===== PROVIDED RECORDS

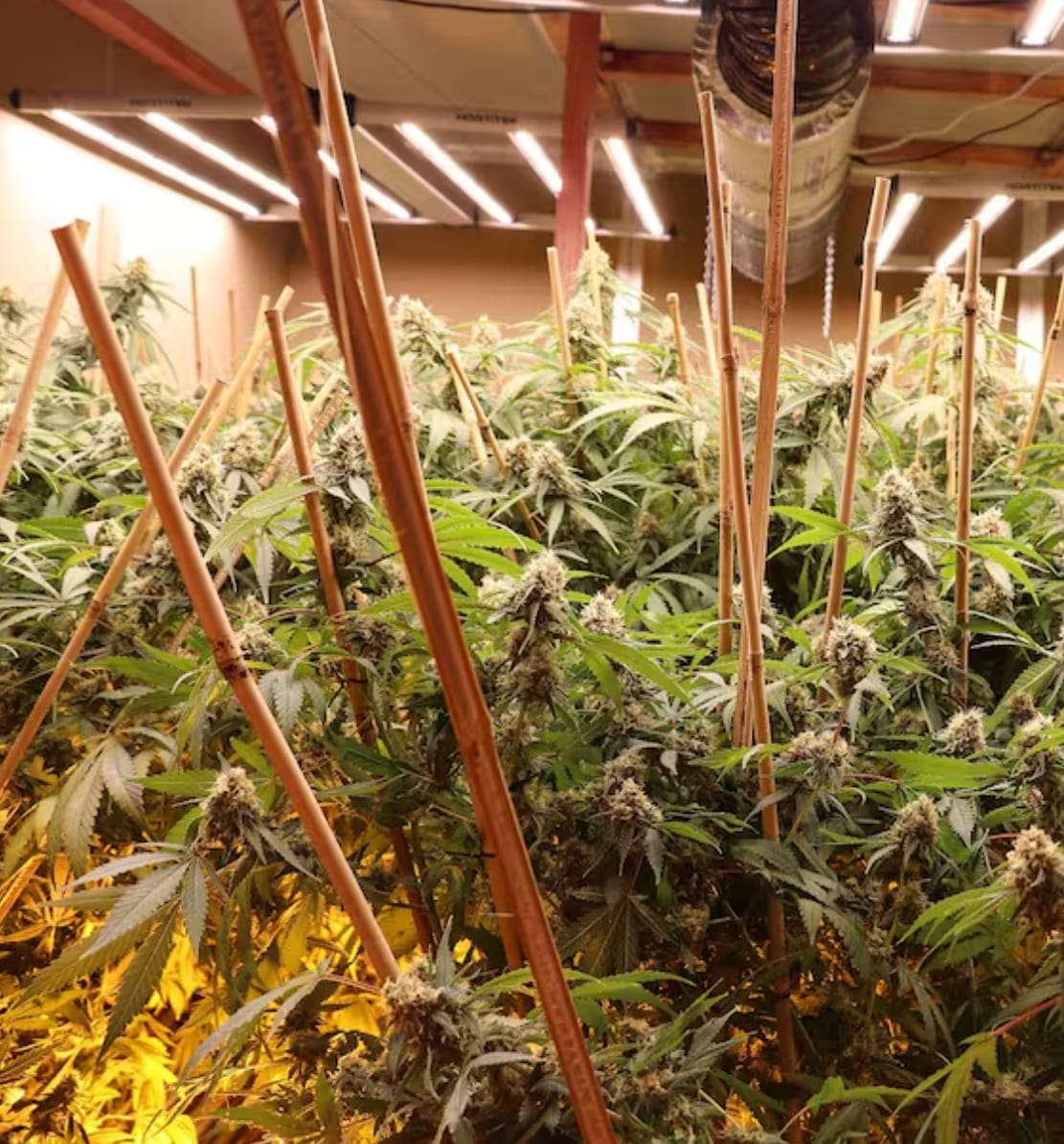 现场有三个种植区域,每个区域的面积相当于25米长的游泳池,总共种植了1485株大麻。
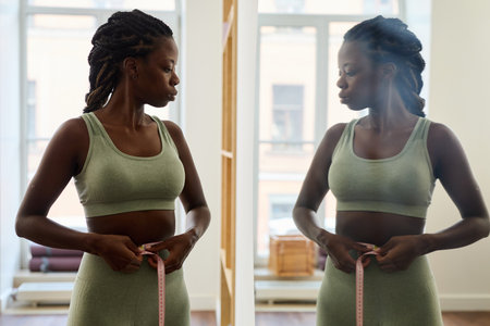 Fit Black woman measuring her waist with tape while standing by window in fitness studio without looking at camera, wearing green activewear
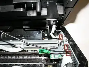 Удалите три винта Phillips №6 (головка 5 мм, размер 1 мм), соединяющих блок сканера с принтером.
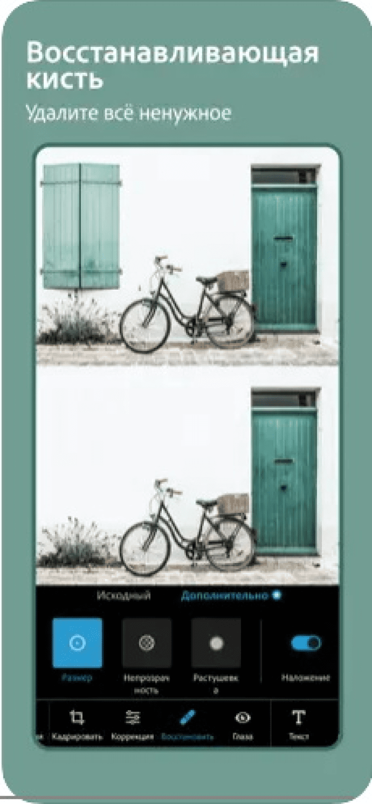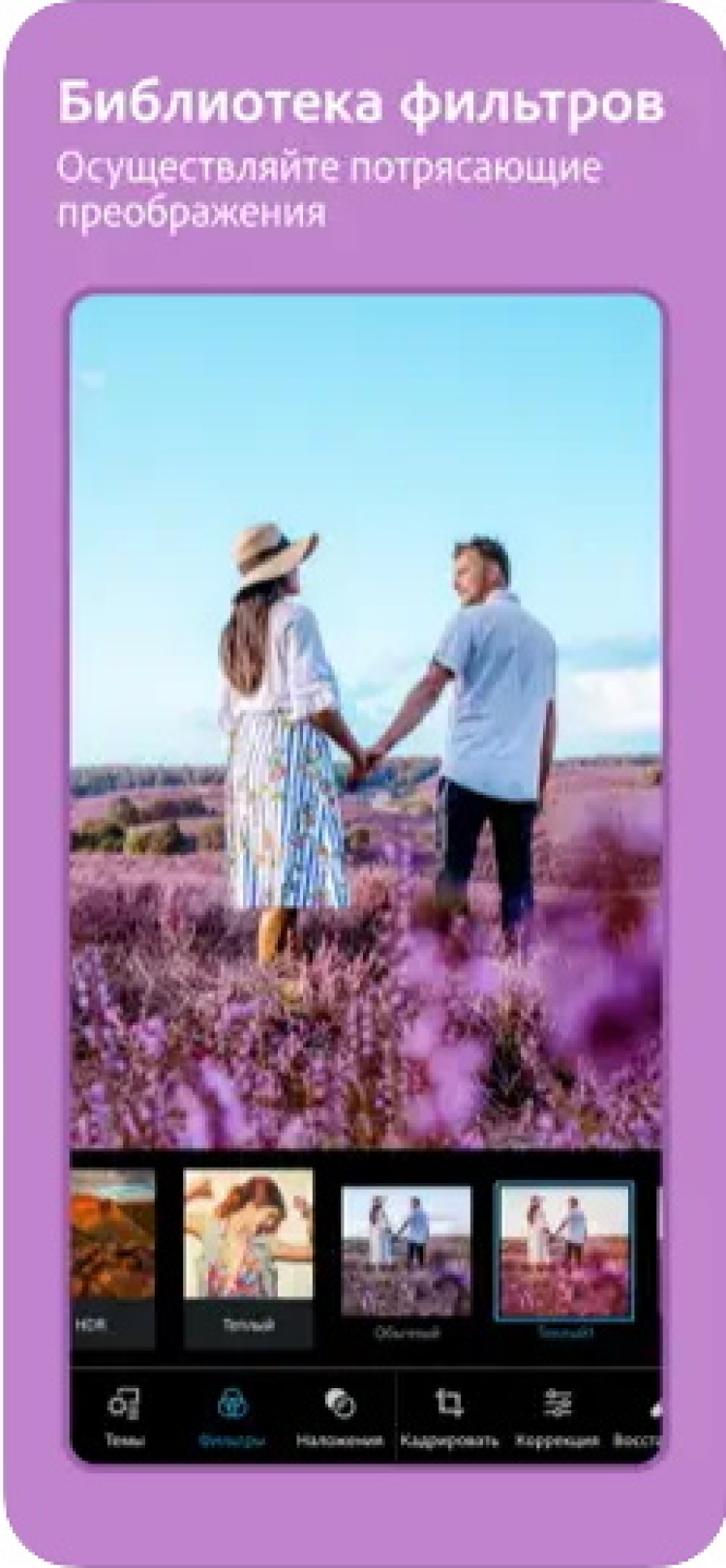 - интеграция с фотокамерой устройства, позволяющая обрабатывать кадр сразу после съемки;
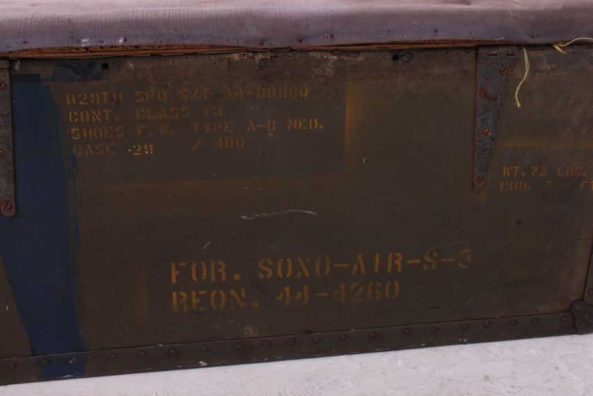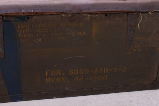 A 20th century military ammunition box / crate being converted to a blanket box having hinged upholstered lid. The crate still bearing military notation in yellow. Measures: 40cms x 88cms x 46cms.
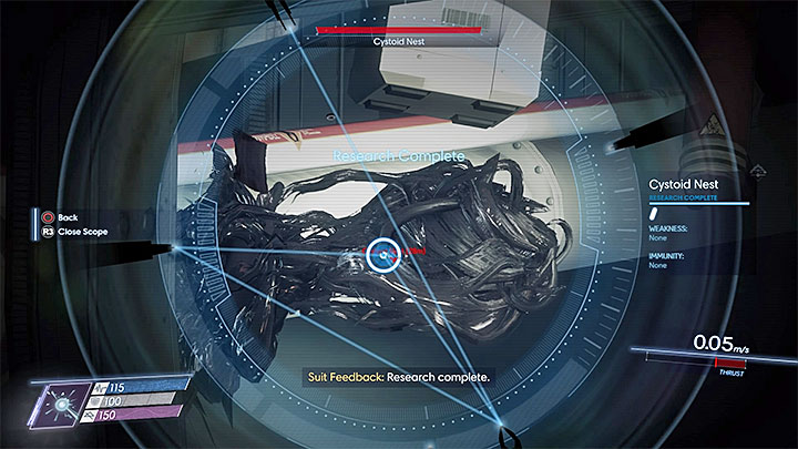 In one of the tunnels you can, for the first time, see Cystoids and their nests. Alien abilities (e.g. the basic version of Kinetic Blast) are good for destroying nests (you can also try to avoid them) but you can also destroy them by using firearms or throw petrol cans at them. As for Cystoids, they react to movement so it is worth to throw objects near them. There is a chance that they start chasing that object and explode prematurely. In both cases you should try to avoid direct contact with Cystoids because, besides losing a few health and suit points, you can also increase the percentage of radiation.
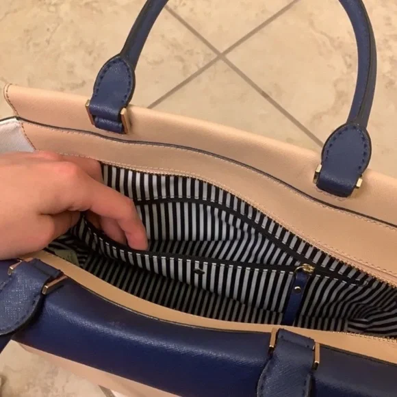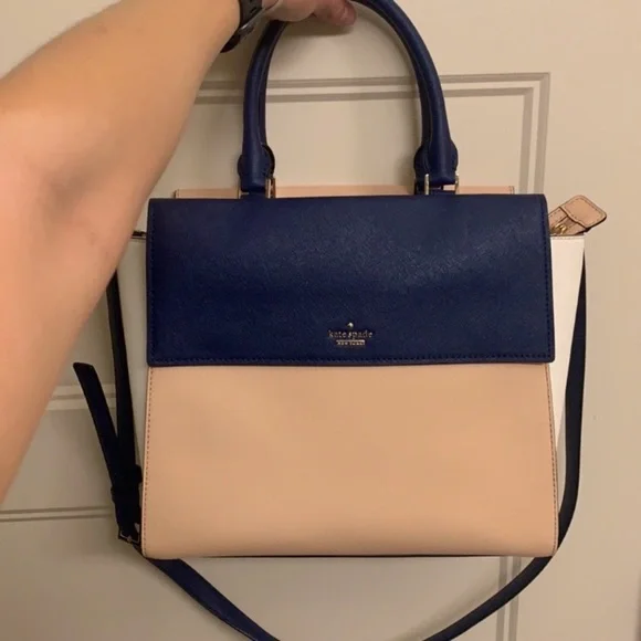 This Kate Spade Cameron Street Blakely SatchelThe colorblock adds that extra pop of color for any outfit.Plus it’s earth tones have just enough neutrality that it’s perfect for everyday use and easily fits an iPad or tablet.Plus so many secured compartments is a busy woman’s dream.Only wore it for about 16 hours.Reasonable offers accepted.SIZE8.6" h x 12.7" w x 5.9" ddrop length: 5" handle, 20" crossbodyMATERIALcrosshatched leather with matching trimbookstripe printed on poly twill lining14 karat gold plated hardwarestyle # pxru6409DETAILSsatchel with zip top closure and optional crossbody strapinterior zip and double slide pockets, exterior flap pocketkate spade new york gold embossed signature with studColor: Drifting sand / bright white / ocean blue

==========

■ THE TASK ■
Without copying any picture, repeat all of the entries exactly.

■ OUTPUT FOR THIS EXERCISE ■
 现场有三个种植区域,每个区域的面积相当于25米长的游泳池,总共种植了1485株大麻。
 Fit Black woman measuring her waist with tape while standing by window in fitness studio without looking at camera, wearing green activewear
 Удалите три винта Phillips №6 (головка 5 мм, размер 1 мм), соединяющих блок сканера с принтером.
 - интеграция с фотокамерой устройства, позволяющая обрабатывать кадр сразу после съемки;
 A 20th century military ammunition box / crate being converted to a blanket box having hinged upholstered lid. The crate still bearing military notation in yellow. Measures: 40cms x 88cms x 46cms.
 In one of the tunnels you can, for the first time, see Cystoids and their nests. Alien abilities (e.g. the basic version of Kinetic Blast) are good for destroying nests (you can also try to avoid them) but you can also destroy them by using firearms or throw petrol cans at them. As for Cystoids, they react to movement so it is worth to throw objects near them. There is a chance that they start chasing that object and explode prematurely. In both cases you should try to avoid direct contact with Cystoids because, besides losing a few health and suit points, you can also increase the percentage of radiation.
 This Kate Spade Cameron Street Blakely SatchelThe colorblock adds that extra pop of color for any outfit.Plus it’s earth tones have just enough neutrality that it’s perfect for everyday use and easily fits an iPad or tablet.Plus so many secured compartments is a busy woman’s dream.Only wore it for about 16 hours.Reasonable offers accepted.SIZE8.6" h x 12.7" w x 5.9" ddrop length: 5" handle, 20" crossbodyMATERIALcrosshatched leather with matching trimbookstripe printed on poly twill lining14 karat gold plated hardwarestyle # pxru6409DETAILSsatchel with zip top closure and optional crossbody strapinterior zip and double slide pockets, exterior flap pocketkate spade new york gold embossed signature with studColor: Drifting sand / bright white / ocean blue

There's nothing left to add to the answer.